Alex Verus, Books 1 & 2 Rothdas book review RSS
4.0 Stars
2-20-2022

An enjoyable, low-key, Dresden-adjacent series of Urban Fantasy books. I liked it! The book takes an interesting tack in making the protagonist a Diviner, someone who does not have supernatural strength or spells or whatever, but who can see the future. Or at least likely futures, or at least the likely futures that aren't too far in the future. Since the protagonist lives in a world of powerful mages and other supernatural beings, he spends a lot of time hiding, running, and generally trying to use his limited pre-cognition in order to avoid being killed.

The author has a lot of fun with the concept, and does a decent job of exploring both the exploits and boundaries of pre-cognition. One of the good choices is that the pre-cognition isn't absolute or cost free; rather it is like having to parse through the server logs of the universe. Doing so is a skill that takes time and attention to use, and becomes progressively more slow and complex the further out you go and the more relevant branches & factors there are. Some quick examples:
While the main character (Alex) is talking to the villain, Alex mentally flicks through several conversational gambits and sees that they cause his own death in the next ~10 seconds. Alex then chooses the conversational path that does not result in immediate violence.
Alex needs to talk to someone to get information. Rather than actually traveling to them and conversing, Alex stays on the couch and searches for the future in which he did get off the couch, travel, and converse. So he gets the information without having to go through the intervening steps or actually do the work. As a lazy person, this is an intensely appealing power fantasy!


Other minor notes: I appreciate that the series is set in London, and avoids all the US cultural bullshit that you find in the Dresden novels. E.g. there are no cops or priests, you can assume everyone is an atheist, the MC doesn't have a gun on him all the time, etc. etc. The female characters are also 80% less cheese-cakey. On the downside, the side-kicks are less interesting than in the Dresden series. Luna is a particular stick in the mud, with her constant complaining about "waaaah, my curse kills everyone who I care about, waaaaah". Lady, we all have problems. Alex is also a complete duff romantically, and fails to follow through on the obvious love interest, Delio/Rachel, the insane-Nietzschian shadow mage. A catch like that is not going to stay single for long!
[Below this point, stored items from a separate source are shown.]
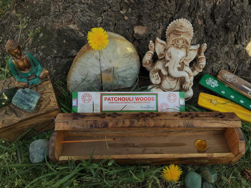 Patchouli to roślina, która rośnie głównie w Indonezji, ma szerokie zastosowanie w ogrodnictwie, perfumiarstwie i medycynie. Kadzidło pachouli działa odprężająco, uspokaja, wprowadza w dobry nastrój, a także uznawana jest za afrodyzjak. Dodatkowo odstrasza mole, odświeża zapach domu, działa dobrze w czasie przeziębienia – zawiera związki aktywne niszczące bakterie i wirusy.
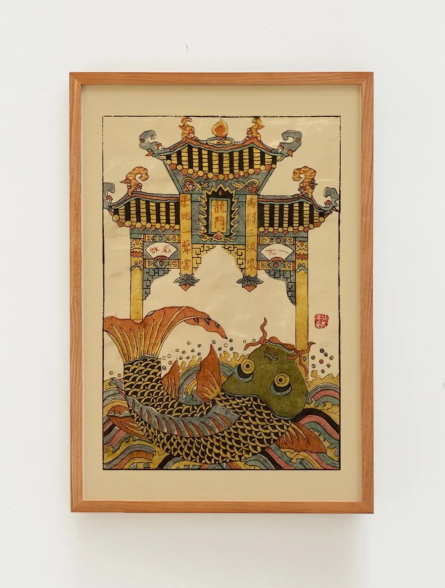 典故:这是我们最喜爱的一幅夹江年画。之所以去夹江找年画,起因也是因为发现了这幅着色和笔触都达到很高艺术水准的年画。古代传说黄河鲤鱼跳过龙门,就会变化成龙。所以以“鲤鱼跳龙门”比喻中举、升官等飞黄腾达之事。后来又用作比喻逆流前进、奋发向上。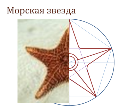 Рассмотрев фотографию морской звезды, мы видим, что она имеет пять лучей. Значит построение чертежа будет основано на делении окружности на пять равных частей. Кроме того, морская звезда имеет плавные переходы между лучами, поэтому мы будем использовать сопряжение двух прямых. Также, следует отметить, что лучи морской звезды расположены по принципу поворотной симметрии пятого порядка, которая встречается в живой природе очень редко.
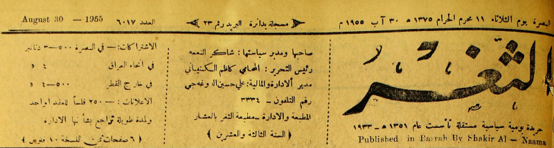 جريدة يومية سياسية عامة = AL-Thaghr : A Daily Newspaper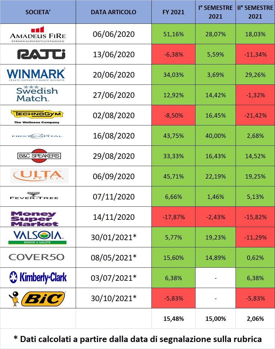 Escludendo gli effetti valutari ed i dividendi, nel 2021, le segnalazioni della strategia hanno generato un apprezzamento del +15,48%: tale risultato è stato realizzato quasi interamente nel primo semestre. La seconda parte dell’anno ha evidenziato una sostanziale parità (+2%).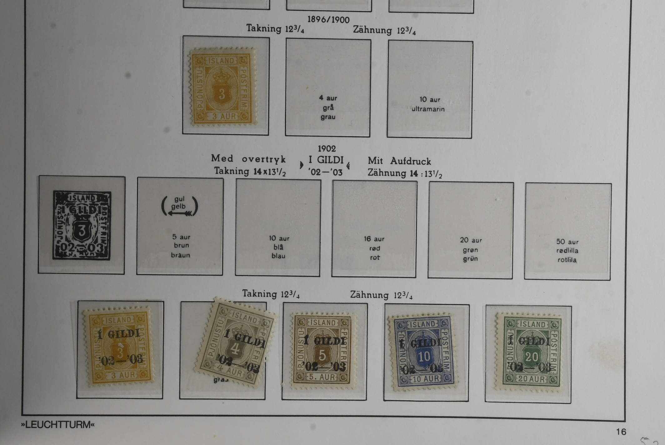 Iceland. ★★/★ 1902–94 in Leuchtturm album with stamp mounts. Green album in good quality covering 1873–1998. Good quality. (400)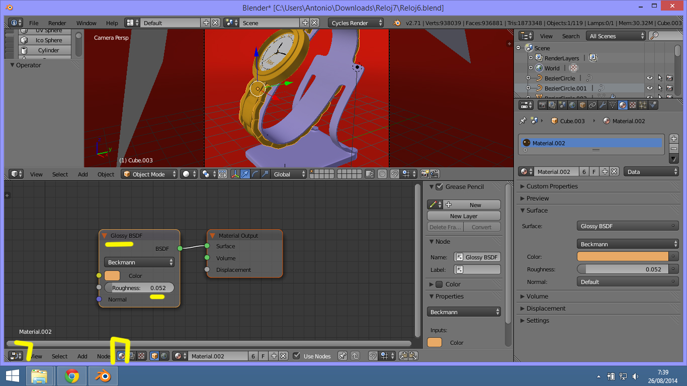 Como puedo crear la textura metálica? Perdón que pregunte tanto, es que es mi primera vez con Cycles y la mayor parte de mi tiempo lo que he hecho es modelar, hasta ahora me estoy tirando al texturizado y renderizado con Cycles.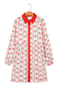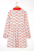 White Father Christmas Contrast Collar Button Front Long Sleeve A-line Mini Dress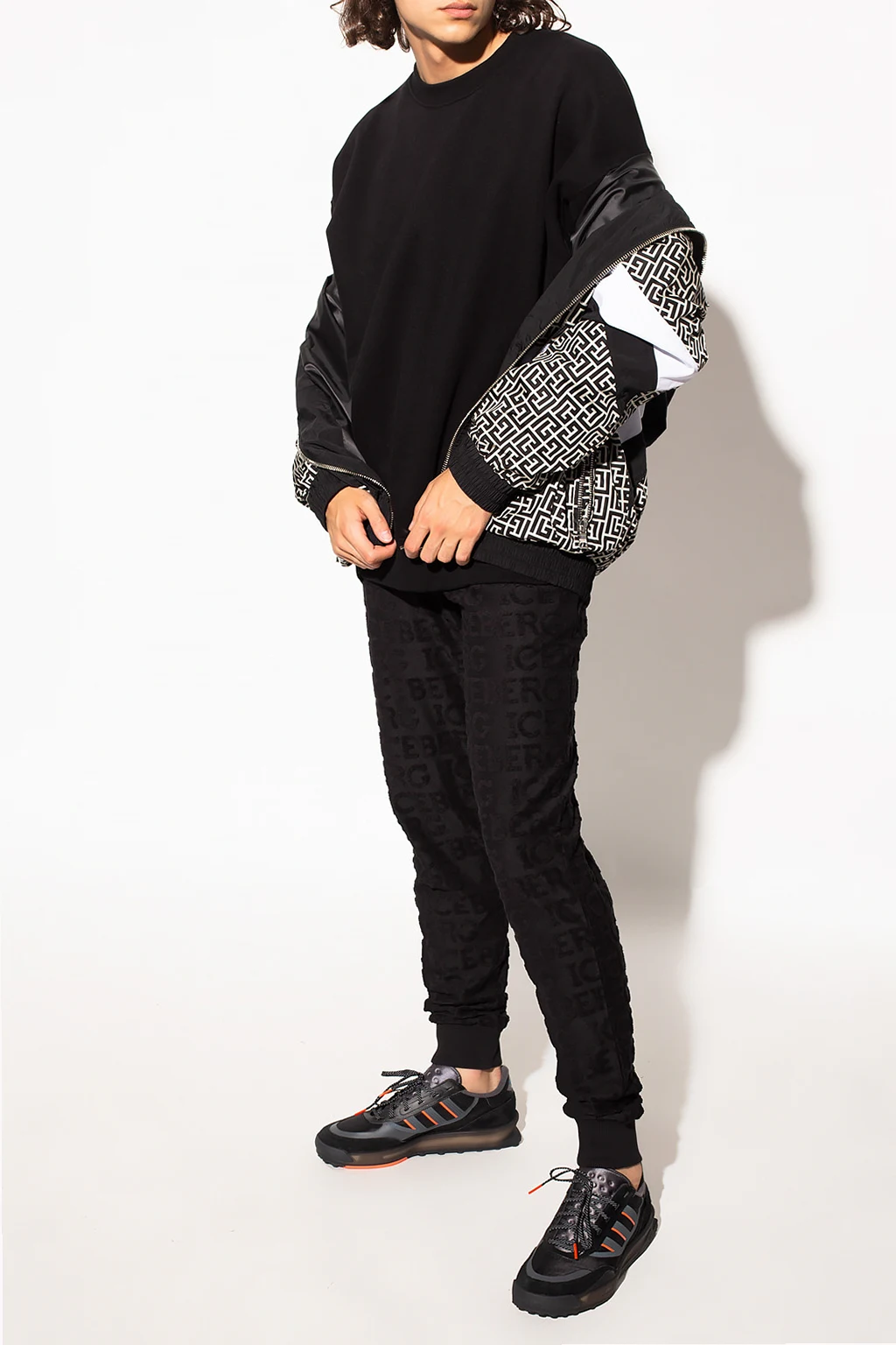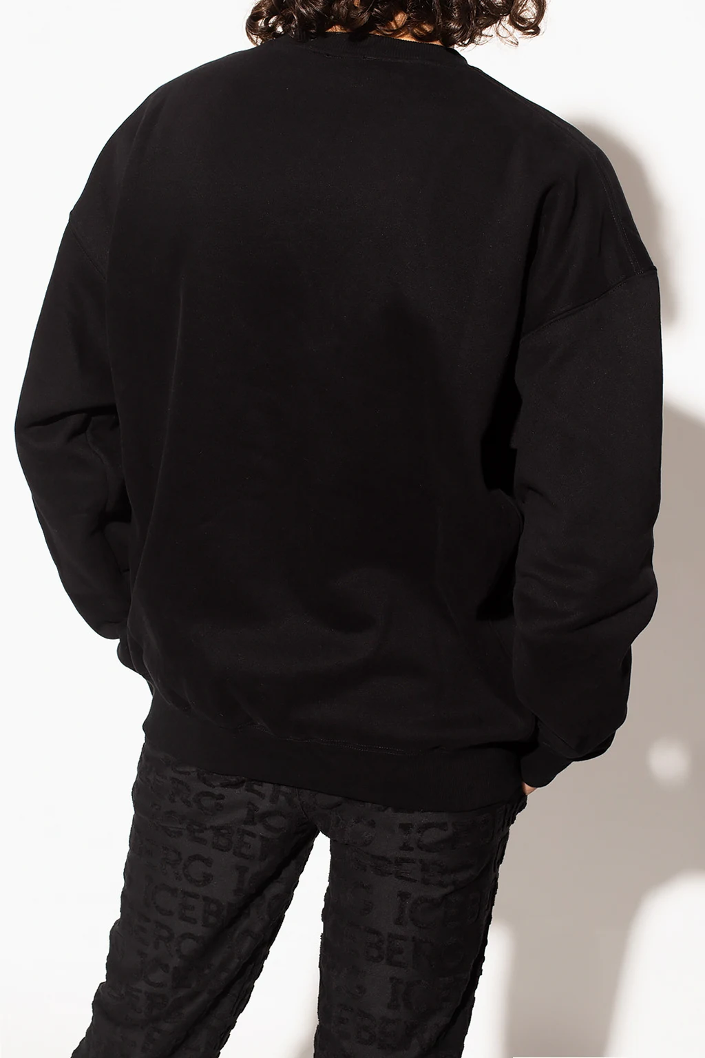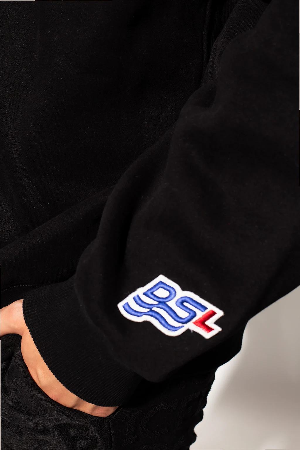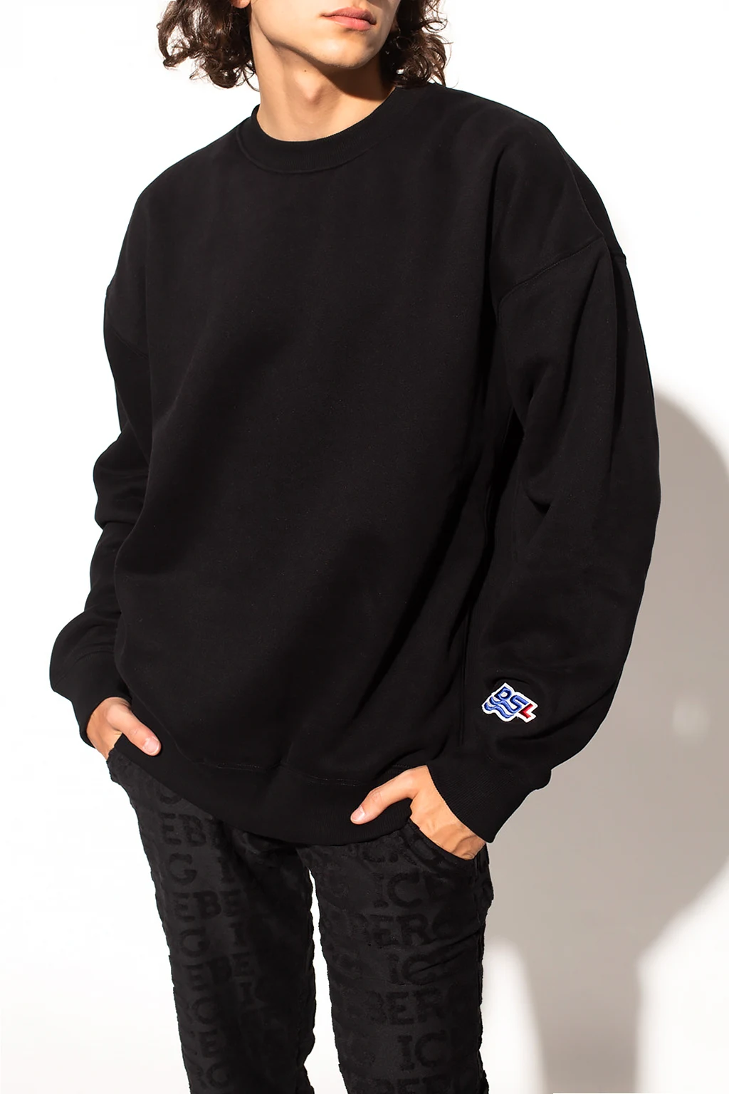 Black padded sweatshirt from Diesel. Crafted from cotton jersey, this style showcases a blue, white and red logo patch on the sleeve and ribbed trims on the round neck, bottom hem and cuffs.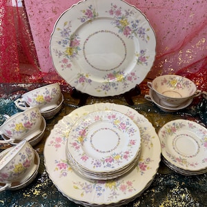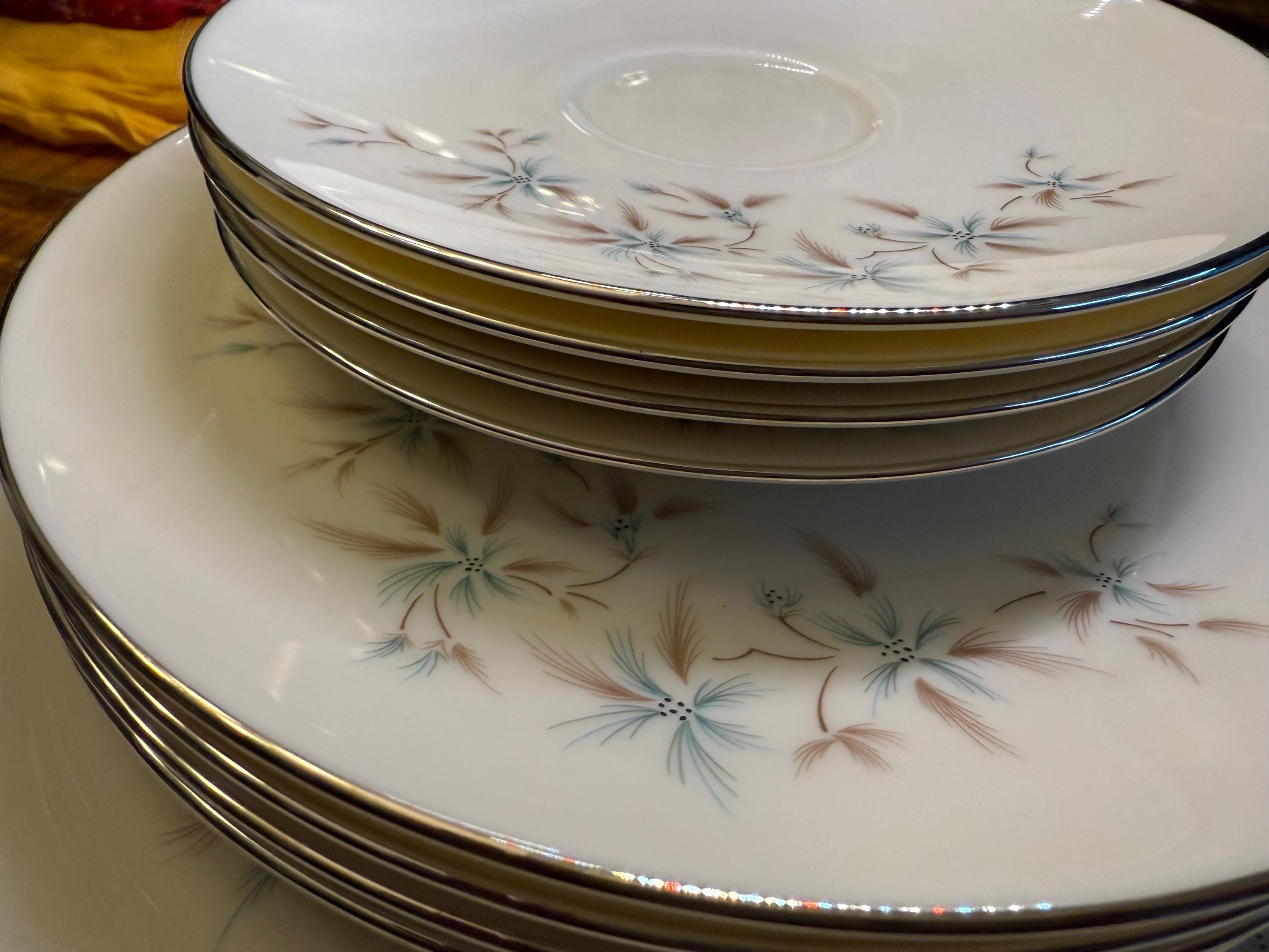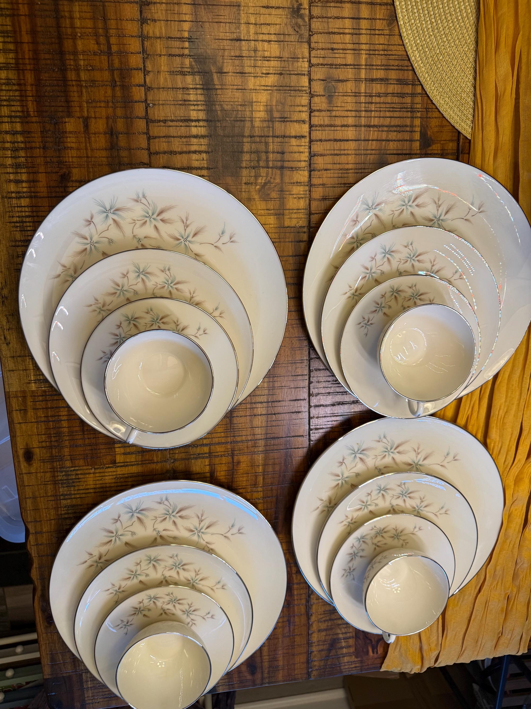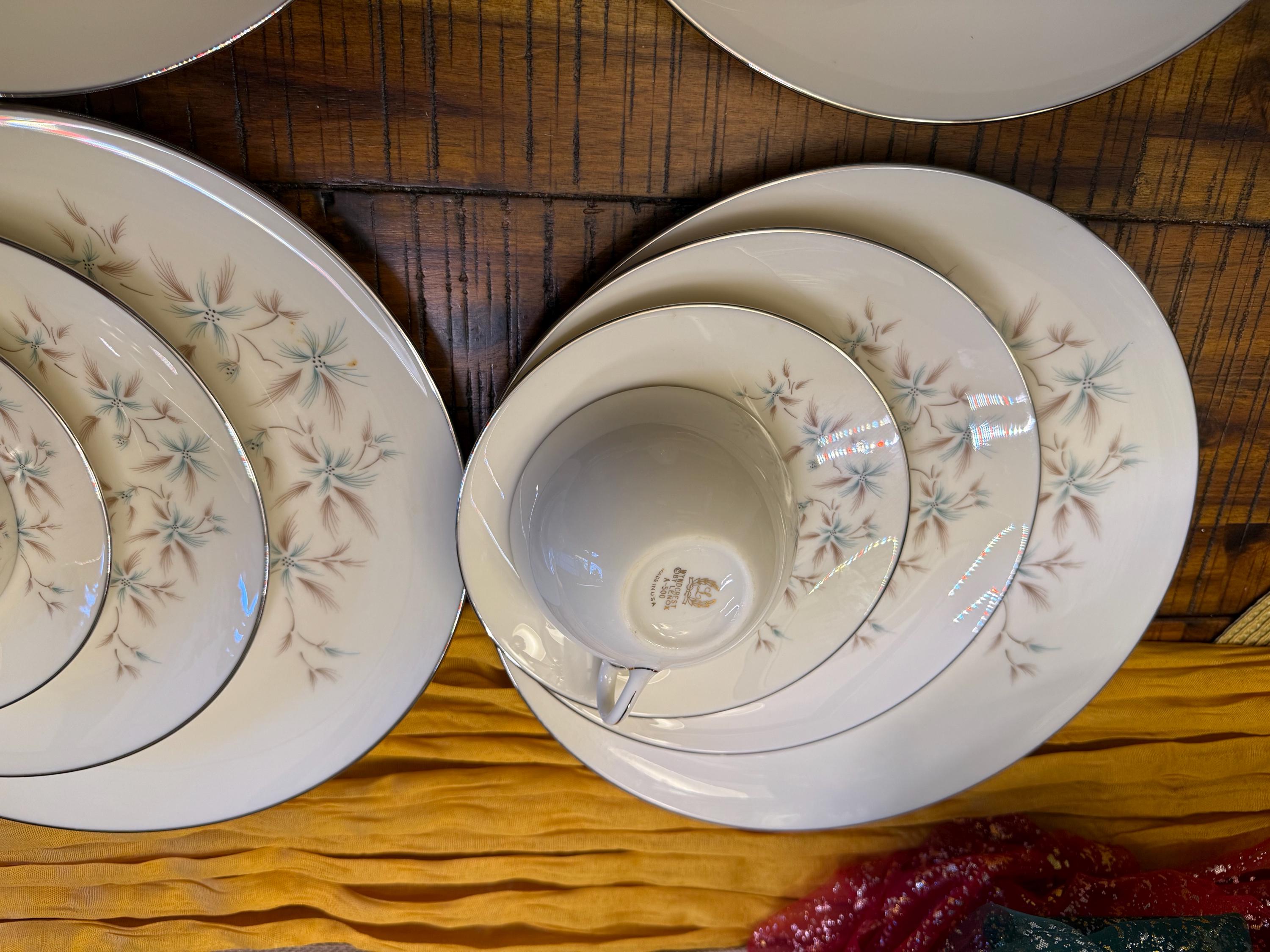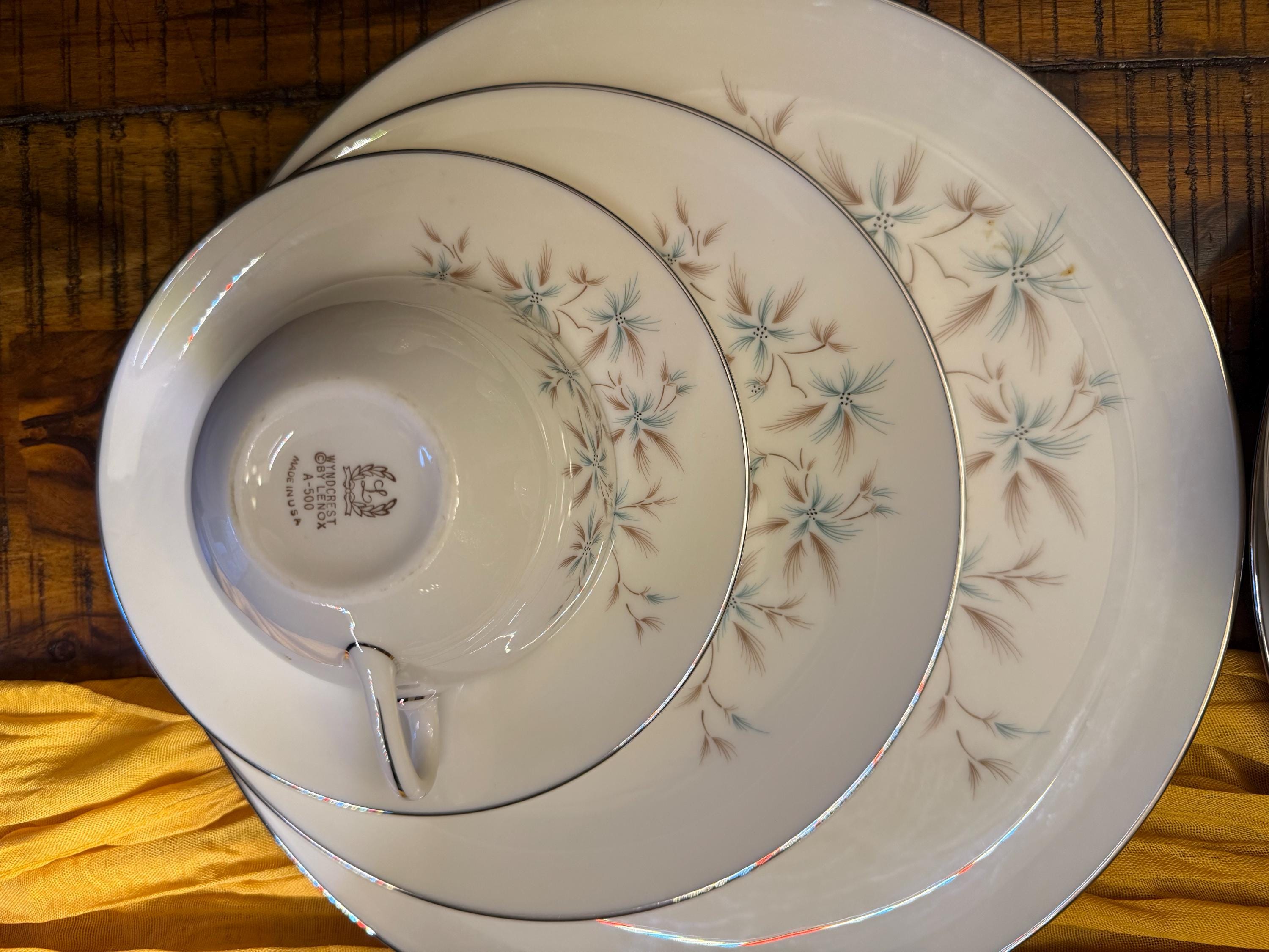 This Lenox Wyndcrest pattern features delicate blue and taupe florals with a platinum rim on ivory fine bone China. Produced in the 1950s–1960s, it reflects the classic craftsmanship and soft, timeless style Lenox is known for.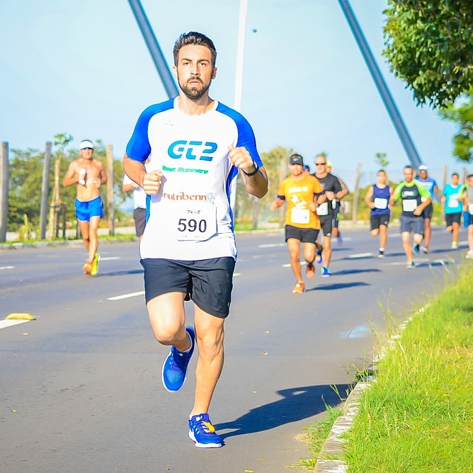 inúmeros benefícios. Por isso, formamos parceria com o grupo de corrida GT2 Best Runners. Assessoria esportiva, que tem como objetivo desenvolver a saúde e a socialização através da corrida. Bem como o aperfeiçoamento da técnica e da performance desse esporte. (FOTO Atleta Marcelo Rolloff)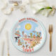 A spectacular cartoon of Southern California – showcasing Los Angeles, Anaheim, Palm Springs and San Diego. This bright and charming scene has it all – a surfer hangs ten while a mermaid lounges on a rock, a killer whale leaps out of the water, a muscular beach couple both flex to impress, T Rex roars a challenge and a tank commander and jet are ready to defend...
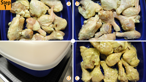 - Get your chicken portions ready. Cut diagonal slits through each chicken portion. Deep each piece into the marinade then put in an air-tight container and refrigerate for a minimum of 30 min to a maximum of 48 hrs. The longer it stays in the refrigerator as your chicken will get more flavor from the marinade.

On the neutral side, I wish the author had gone slightly deeper and weirder in his exploration of what it would be like to have your consciousness exist in this hybrid of the present & possible futures. The author touches on this (e.g. the main character has seen his own potential deaths many hundreds of times), but I think he could go a bit further.

Anyway! Apparently there another 100 hundred books in the series, and I'm looking forward to seeing where the author takes the story.